Арт поставил машину позади «шевроле» и заглушил двигатель. В это время из-за угла дома выбежали сыновья Карла: одному мальчику было года три-четыре, а другому, который прихрамывал, лет шесть. Они остановились возле куста рододендрона и уставились на него; мальчишки были в шортах, без рубашек и босые.

Арт вынул из кармана рубашки обертку и плюнул в нее жвачку. Не годится жевать перед вдовой.

— Эй, ребятня, — весело крикнул он через окно. — Мама-то дома?

Мальчишки не ответили, просто стояли и глазели. Из-за угла дома показалась немецкая овчарка; она шла крадучись, и мальчик постарше схватил ее за ошейник.

— Стоять! — скомандовал он собаке.

Арт приоткрыл дверцу, взял с сиденья шляпу и надел.

— Полицейский, — вырвалось у младшего, и он спрятался за старшего брата.

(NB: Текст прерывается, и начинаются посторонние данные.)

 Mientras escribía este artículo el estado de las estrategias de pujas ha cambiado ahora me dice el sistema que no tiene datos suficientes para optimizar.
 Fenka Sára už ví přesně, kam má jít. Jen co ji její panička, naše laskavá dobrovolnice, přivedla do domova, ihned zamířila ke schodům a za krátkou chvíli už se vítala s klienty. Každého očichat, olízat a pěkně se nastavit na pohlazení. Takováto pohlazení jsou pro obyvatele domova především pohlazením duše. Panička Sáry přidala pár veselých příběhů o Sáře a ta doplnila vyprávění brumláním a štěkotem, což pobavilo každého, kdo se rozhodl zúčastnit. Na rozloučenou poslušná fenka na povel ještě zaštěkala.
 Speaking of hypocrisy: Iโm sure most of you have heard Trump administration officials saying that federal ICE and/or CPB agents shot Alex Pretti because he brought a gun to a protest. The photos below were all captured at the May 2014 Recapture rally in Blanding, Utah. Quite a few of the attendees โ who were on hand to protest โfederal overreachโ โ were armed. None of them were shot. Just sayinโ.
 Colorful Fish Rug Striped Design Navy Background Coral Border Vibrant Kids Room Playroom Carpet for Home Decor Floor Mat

— Не, не полицейский, — возразил ему старший. — Это, наверно, шериф.

— Точно, — ответил Арт. — Я — шериф Моран, ребята. Так мама-то дома?

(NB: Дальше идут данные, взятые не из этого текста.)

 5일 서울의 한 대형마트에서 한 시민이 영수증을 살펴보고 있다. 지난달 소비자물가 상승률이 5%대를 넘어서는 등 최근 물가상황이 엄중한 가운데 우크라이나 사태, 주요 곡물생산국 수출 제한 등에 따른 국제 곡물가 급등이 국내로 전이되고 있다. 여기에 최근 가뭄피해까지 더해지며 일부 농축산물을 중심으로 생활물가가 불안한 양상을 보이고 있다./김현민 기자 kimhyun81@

Старший подтолкнул младшего:

— Сбегай, позови маму.

Мальчики были похожи на отца. Видно, что вырастут такими же огромными. Крепкие, загорелые немецкие дети.

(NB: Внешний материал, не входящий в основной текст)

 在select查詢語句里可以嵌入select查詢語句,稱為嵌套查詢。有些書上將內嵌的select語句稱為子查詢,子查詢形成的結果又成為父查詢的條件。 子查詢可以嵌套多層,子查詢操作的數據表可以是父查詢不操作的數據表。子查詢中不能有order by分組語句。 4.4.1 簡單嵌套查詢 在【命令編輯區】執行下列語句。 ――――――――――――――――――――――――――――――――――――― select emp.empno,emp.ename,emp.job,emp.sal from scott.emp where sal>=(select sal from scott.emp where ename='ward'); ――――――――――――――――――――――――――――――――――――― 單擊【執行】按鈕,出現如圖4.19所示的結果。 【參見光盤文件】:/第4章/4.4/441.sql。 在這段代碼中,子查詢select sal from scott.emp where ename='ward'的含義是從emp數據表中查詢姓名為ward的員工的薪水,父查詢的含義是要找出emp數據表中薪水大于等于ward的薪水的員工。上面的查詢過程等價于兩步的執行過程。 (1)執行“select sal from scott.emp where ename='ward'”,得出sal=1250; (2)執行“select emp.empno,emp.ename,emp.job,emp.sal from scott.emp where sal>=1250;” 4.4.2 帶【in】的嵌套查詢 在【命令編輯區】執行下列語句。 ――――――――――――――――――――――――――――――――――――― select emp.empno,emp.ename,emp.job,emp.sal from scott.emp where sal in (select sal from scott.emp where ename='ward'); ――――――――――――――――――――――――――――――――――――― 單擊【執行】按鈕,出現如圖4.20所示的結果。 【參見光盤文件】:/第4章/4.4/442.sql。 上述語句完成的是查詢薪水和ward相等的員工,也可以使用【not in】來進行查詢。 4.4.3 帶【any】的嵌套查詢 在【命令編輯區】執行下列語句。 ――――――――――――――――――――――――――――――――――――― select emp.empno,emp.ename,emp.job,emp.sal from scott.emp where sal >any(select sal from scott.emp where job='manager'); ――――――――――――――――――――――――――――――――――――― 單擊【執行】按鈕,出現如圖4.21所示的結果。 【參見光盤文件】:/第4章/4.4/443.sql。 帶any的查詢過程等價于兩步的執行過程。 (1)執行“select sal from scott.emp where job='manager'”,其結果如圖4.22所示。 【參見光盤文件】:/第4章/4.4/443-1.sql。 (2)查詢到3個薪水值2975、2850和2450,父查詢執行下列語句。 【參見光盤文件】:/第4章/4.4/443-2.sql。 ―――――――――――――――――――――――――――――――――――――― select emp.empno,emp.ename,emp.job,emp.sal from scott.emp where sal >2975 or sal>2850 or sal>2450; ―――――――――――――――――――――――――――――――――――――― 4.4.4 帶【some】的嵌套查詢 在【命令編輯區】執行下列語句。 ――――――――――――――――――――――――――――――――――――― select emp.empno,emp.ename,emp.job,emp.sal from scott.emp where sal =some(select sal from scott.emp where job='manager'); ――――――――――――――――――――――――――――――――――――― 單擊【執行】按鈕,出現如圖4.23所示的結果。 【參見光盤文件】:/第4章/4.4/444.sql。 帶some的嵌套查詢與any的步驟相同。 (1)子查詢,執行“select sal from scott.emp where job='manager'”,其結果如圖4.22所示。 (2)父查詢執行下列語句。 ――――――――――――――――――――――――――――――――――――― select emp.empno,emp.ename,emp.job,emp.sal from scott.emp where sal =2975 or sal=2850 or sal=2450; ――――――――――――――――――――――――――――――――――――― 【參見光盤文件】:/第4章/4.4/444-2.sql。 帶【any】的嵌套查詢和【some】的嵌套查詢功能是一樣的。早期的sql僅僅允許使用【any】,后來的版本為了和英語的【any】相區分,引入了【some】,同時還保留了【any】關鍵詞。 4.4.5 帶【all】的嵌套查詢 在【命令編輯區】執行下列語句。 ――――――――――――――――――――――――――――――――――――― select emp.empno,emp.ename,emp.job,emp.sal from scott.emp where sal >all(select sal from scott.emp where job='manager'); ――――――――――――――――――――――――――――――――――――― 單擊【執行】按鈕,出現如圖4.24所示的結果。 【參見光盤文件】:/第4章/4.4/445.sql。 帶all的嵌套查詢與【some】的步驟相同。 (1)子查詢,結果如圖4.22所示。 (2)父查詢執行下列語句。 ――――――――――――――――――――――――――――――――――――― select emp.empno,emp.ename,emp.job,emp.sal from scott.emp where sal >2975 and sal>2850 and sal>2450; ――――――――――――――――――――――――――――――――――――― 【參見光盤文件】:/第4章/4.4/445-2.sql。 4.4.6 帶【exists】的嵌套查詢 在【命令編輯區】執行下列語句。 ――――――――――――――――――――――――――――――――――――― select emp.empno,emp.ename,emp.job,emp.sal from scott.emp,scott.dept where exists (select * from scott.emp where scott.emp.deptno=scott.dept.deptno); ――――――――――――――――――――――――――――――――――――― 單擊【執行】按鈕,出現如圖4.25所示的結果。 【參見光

— Вы подите поиграйте, — сказал Арт ребятам. — Я постучу в дверь. А вы идите.

И улыбнулся младшему.

Но мальчики не уходили. Они стояли у куста рододендрона и глядели, как шериф поднимается на крыльцо со шляпой в руке и стучит костяшками пальцев по распахнутой входной двери, через которую видна гостиная. Ожидая ответа, Арт заглядывает в дом. Стены обиты сосновыми планками, покрытыми лаком и блестящими в местах распила сучков; занавески ярко-желтого цвета накрахмалены, аккуратно подвязанны к кольцам, присборенны и с балдахином вверху. Шерстяной коврик, связанный косичкой вкруговую, почти полностью покрывает дощатый пол. В глубине комнаты поблескивает пианино и стоит стол с раздвижной крышкой. В комнате два одинаковых кресла-качалки из дуба с вышитыми подушечками, одинаковые столики из ореха по обеим сторонам видавшего виды дивана и обтянутое плюшем мягкое кресло рядом с торшером из позолоченной меди. Кресло пододвинуто к огромному камину, сооруженному Карлом, внутрь которого были вделаны высокие, с пазами железные подставки для дров. Шериф поразился порядку, царившему в комнате, спокойному, тягуче-бронзовому отсвету, от которого веяло чем-то сентиментальным, фотографиям на стене с изображениями членов семейств Хайнэ и Вариг, живших еще до появления на свет Карла и Сьюзен Мари, — внушительных, дородных немцев с грубо вытесанными лицами, никогда не улыбавшихся в объектив.

Гостиная была образцовой — чистой и уютной. Арт мысленно похвалил Сьюзен Мари, как недавно похвалил Карла за печь и мансардные окна. И пока Арт стоял, восхищаясь всем тем, к чему Сьюзен Мари приложила руку, на верхних ступеньках лестницы появилась сама хозяйка дома.

— Добрый день, шериф Моран, — поприветствовала она его.